Given information below:

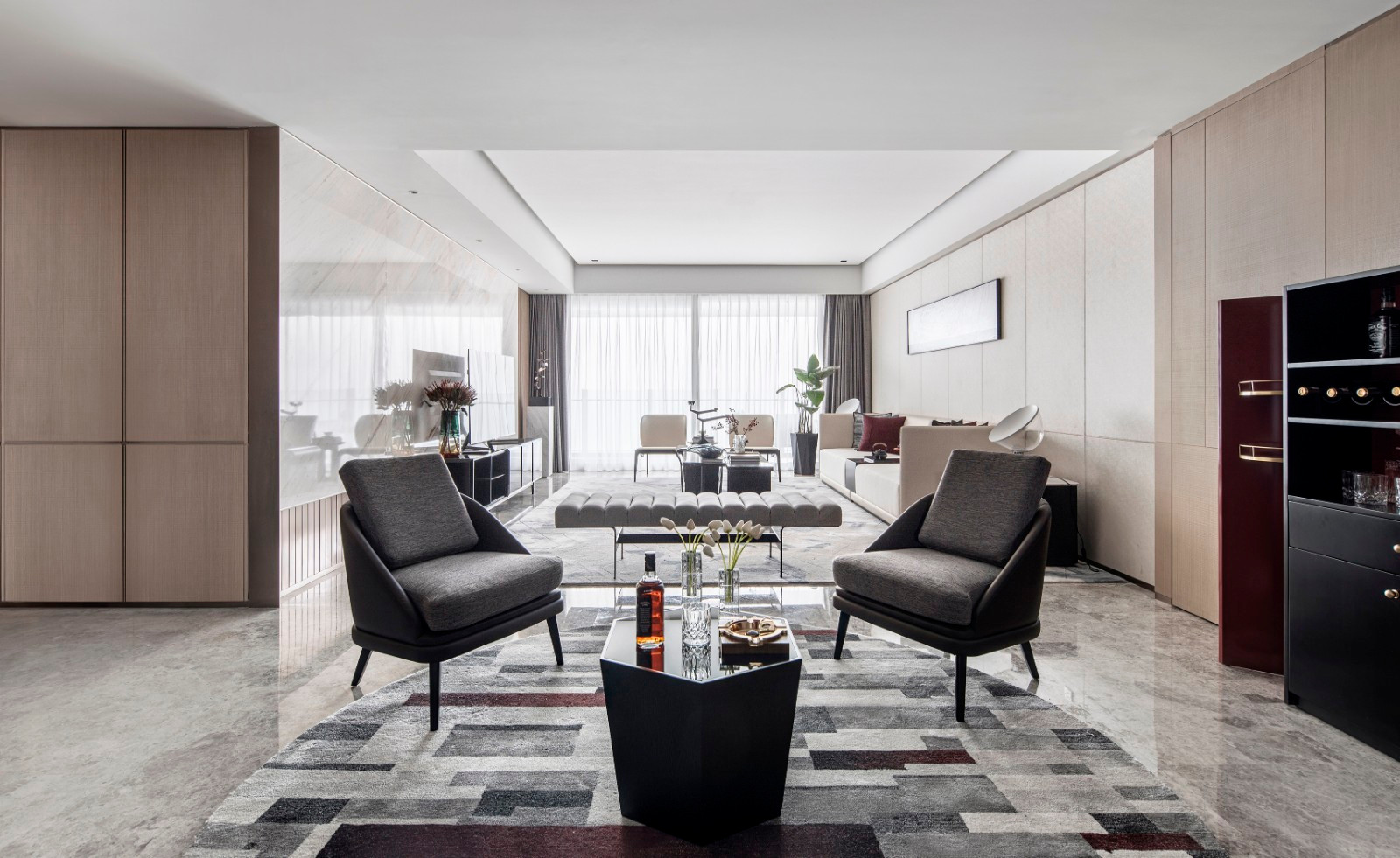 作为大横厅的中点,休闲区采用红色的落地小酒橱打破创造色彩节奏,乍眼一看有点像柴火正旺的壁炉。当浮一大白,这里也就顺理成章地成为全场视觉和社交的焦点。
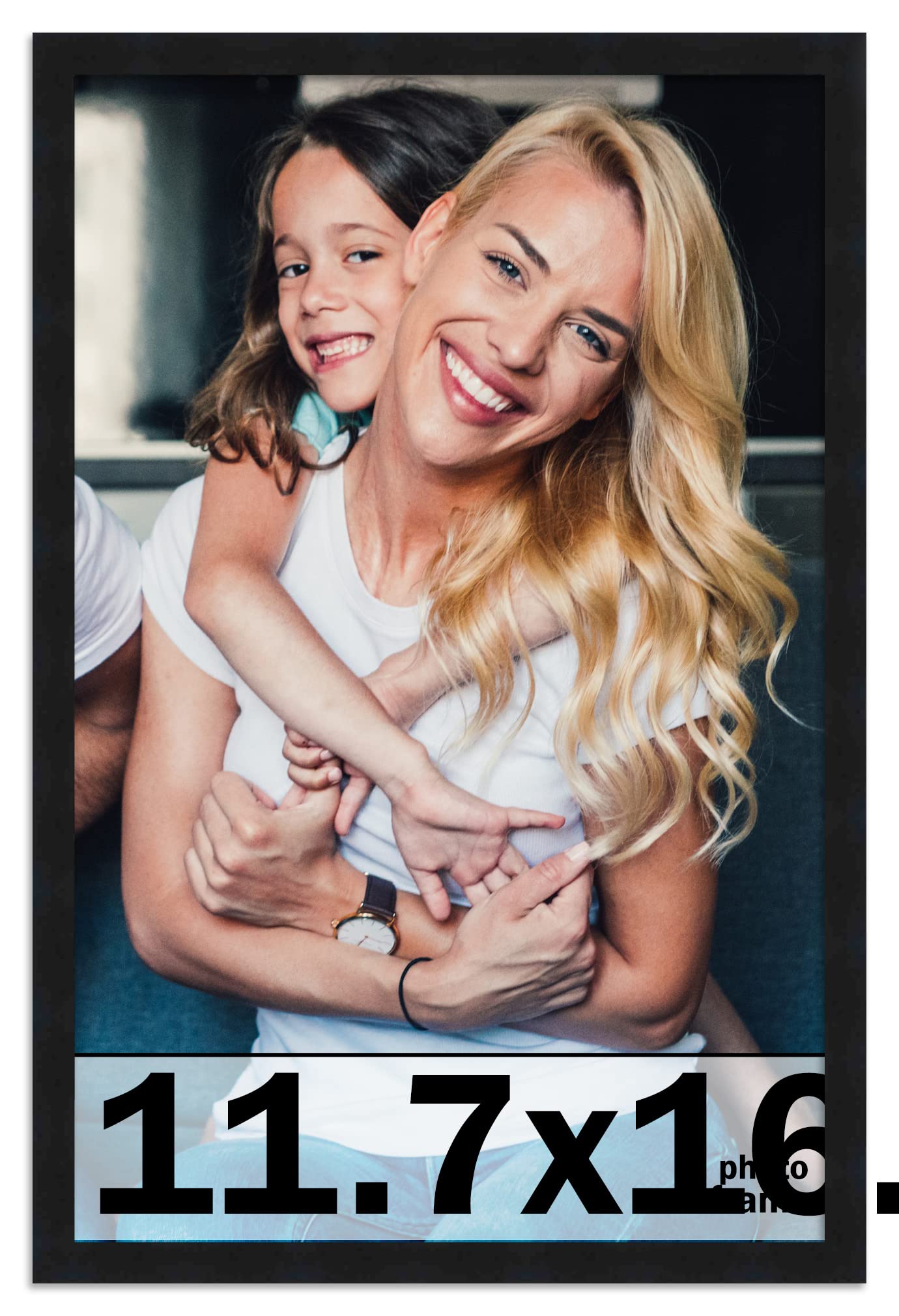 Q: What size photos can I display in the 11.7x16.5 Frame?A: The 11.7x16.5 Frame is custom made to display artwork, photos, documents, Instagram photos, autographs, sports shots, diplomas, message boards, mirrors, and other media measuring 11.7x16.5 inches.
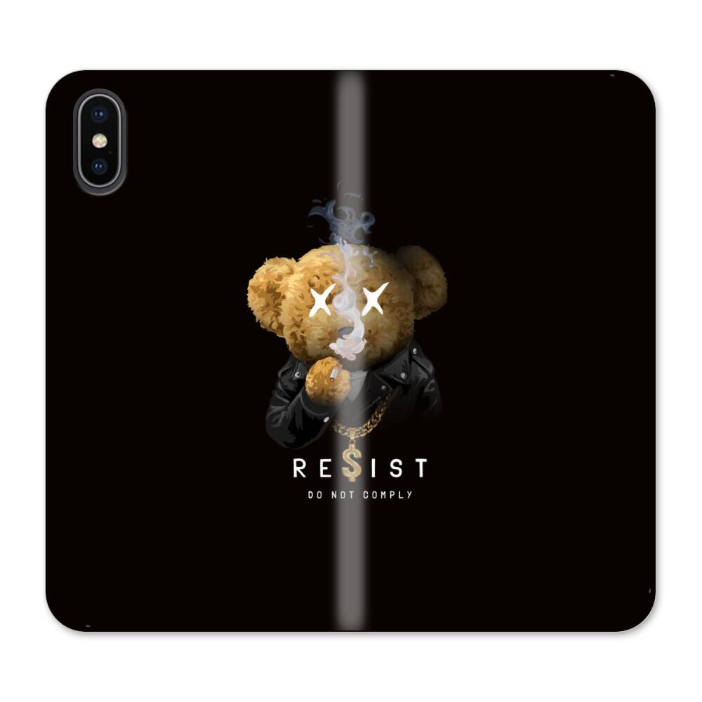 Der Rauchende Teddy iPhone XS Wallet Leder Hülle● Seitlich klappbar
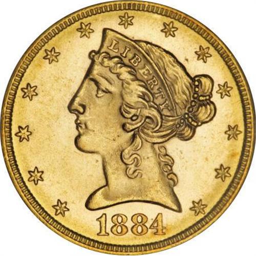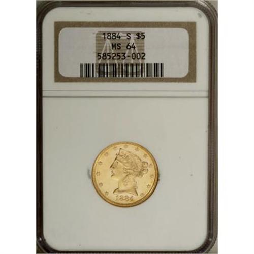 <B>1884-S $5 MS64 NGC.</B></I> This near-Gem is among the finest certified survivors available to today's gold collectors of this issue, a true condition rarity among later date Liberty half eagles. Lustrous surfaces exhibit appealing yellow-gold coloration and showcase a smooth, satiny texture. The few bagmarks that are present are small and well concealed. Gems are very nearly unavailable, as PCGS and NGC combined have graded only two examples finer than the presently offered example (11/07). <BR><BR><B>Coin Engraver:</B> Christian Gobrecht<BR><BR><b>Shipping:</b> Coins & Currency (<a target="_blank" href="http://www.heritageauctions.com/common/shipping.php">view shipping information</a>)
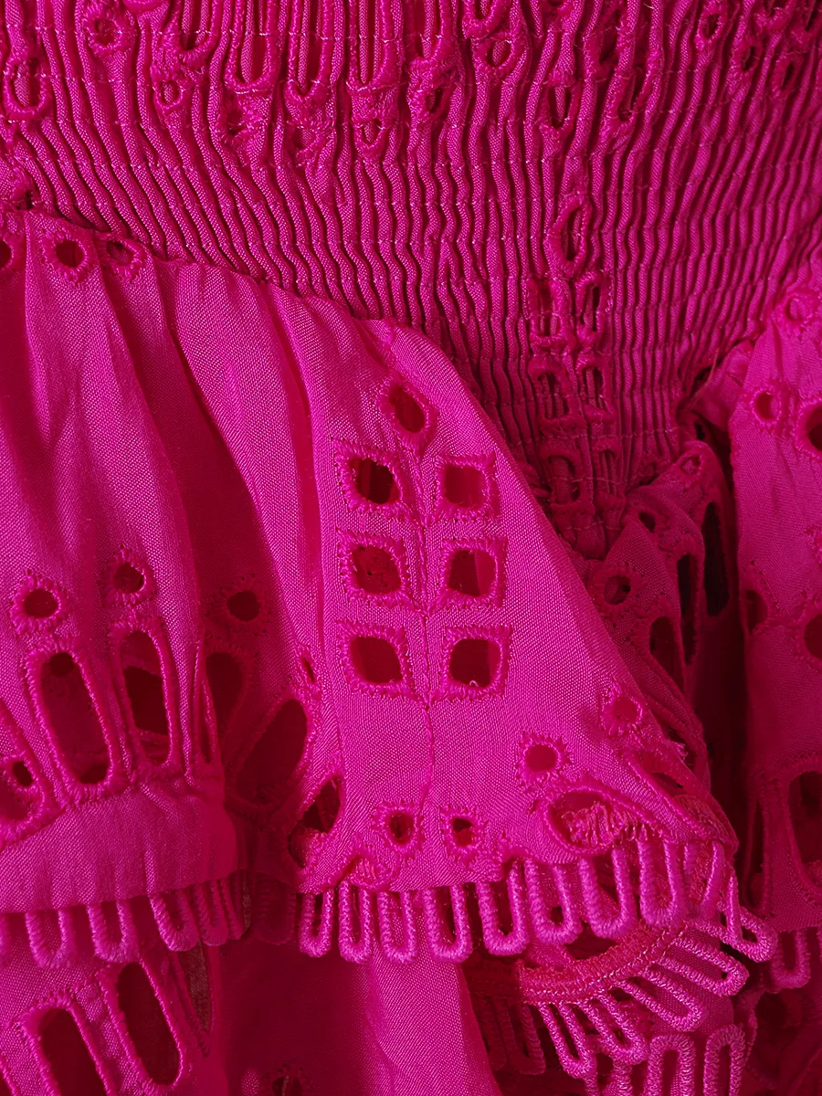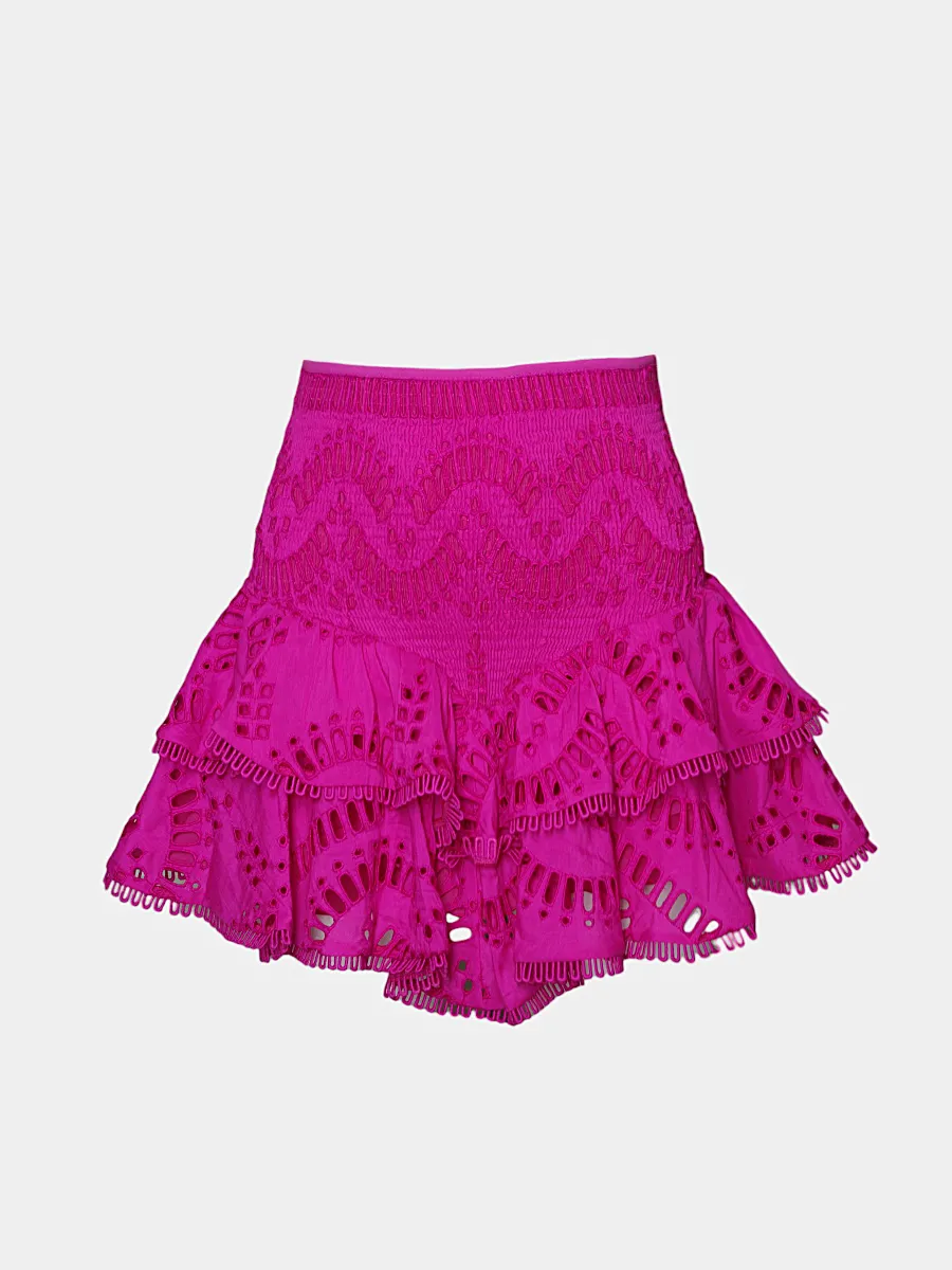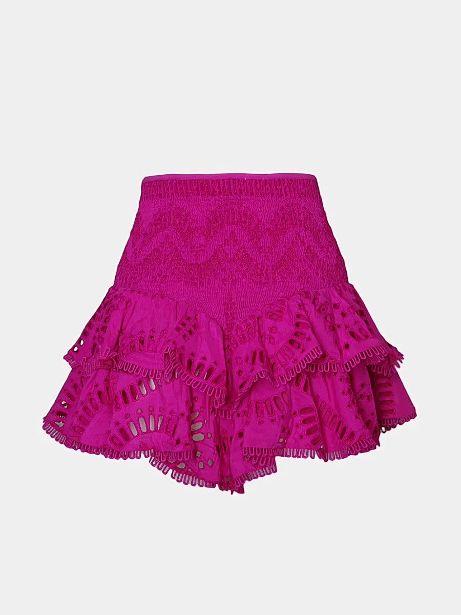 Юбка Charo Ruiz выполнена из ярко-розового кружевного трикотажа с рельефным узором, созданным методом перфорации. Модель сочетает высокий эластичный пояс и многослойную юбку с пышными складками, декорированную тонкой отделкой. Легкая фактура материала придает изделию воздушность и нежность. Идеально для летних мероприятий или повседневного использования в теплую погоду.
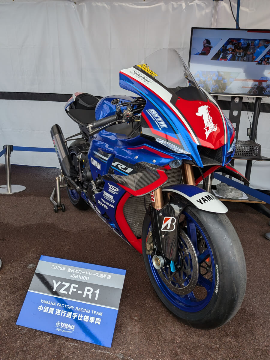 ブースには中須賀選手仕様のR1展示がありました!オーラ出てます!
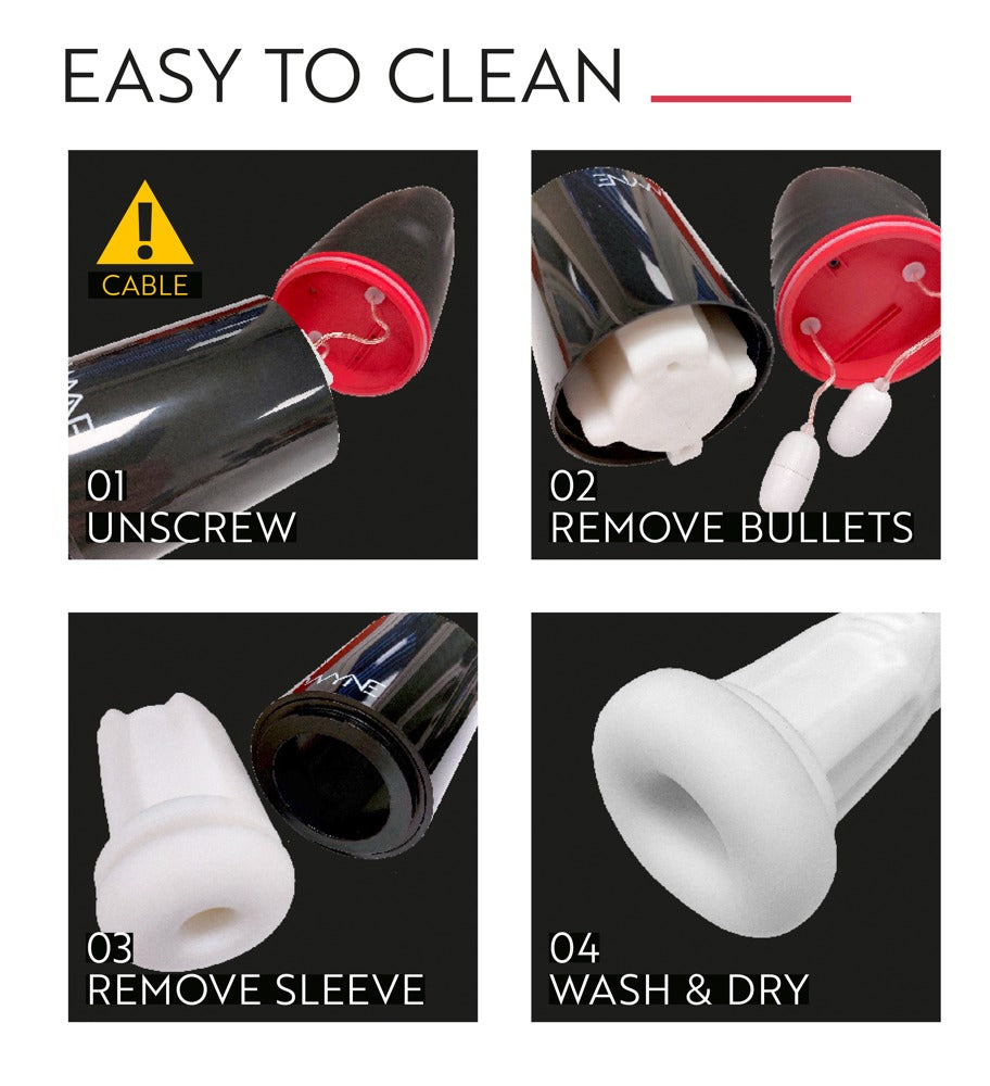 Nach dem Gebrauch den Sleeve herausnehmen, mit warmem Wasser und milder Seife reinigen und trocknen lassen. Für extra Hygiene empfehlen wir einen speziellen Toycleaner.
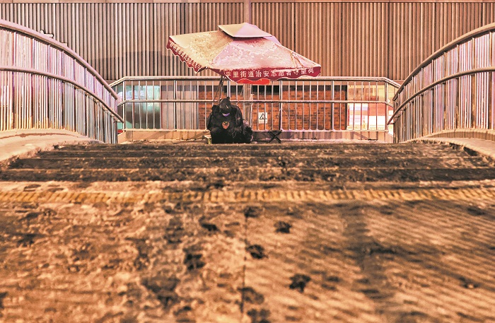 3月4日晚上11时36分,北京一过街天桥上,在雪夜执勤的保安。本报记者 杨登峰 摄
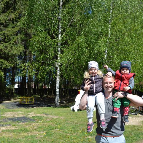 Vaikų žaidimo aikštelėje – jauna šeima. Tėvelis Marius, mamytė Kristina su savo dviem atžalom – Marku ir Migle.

End of Given information.

The records above must be repeated in full and exactly, but without any of the pictures.

> _Exercise answer_
 作为大横厅的中点,休闲区采用红色的落地小酒橱打破创造色彩节奏,乍眼一看有点像柴火正旺的壁炉。当浮一大白,这里也就顺理成章地成为全场视觉和社交的焦点。
 Q: What size photos can I display in the 11.7x16.5 Frame?A: The 11.7x16.5 Frame is custom made to display artwork, photos, documents, Instagram photos, autographs, sports shots, diplomas, message boards, mirrors, and other media measuring 11.7x16.5 inches.
 Der Rauchende Teddy iPhone XS Wallet Leder Hülle● Seitlich klappbar
 <B>1884-S $5 MS64 NGC.</B></I> This near-Gem is among the finest certified survivors available to today's gold collectors of this issue, a true condition rarity among later date Liberty half eagles. Lustrous surfaces exhibit appealing yellow-gold coloration and showcase a smooth, satiny texture. The few bagmarks that are present are small and well concealed. Gems are very nearly unavailable, as PCGS and NGC combined have graded only two examples finer than the presently offered example (11/07). <BR><BR><B>Coin Engraver:</B> Christian Gobrecht<BR><BR><b>Shipping:</b> Coins & Currency (<a target="_blank" href="http://www.heritageauctions.com/common/shipping.php">view shipping information</a>)
 Юбка Charo Ruiz выполнена из ярко-розового кружевного трикотажа с рельефным узором, созданным методом перфорации. Модель сочетает высокий эластичный пояс и многослойную юбку с пышными складками, декорированную тонкой отделкой. Легкая фактура материала придает изделию воздушность и нежность. Идеально для летних мероприятий или повседневного использования в теплую погоду.
 ブースには中須賀選手仕様のR1展示がありました!オーラ出てます!
 Nach dem Gebrauch den Sleeve herausnehmen, mit warmem Wasser und milder Seife reinigen und trocknen lassen. Für extra Hygiene empfehlen wir einen speziellen Toycleaner.
 3月4日晚上11时36分,北京一过街天桥上,在雪夜执勤的保安。本报记者 杨登峰 摄
 Vaikų žaidimo aikštelėje – jauna šeima. Tėvelis Marius, mamytė Kristina su savo dviem atžalom – Marku ir Migle.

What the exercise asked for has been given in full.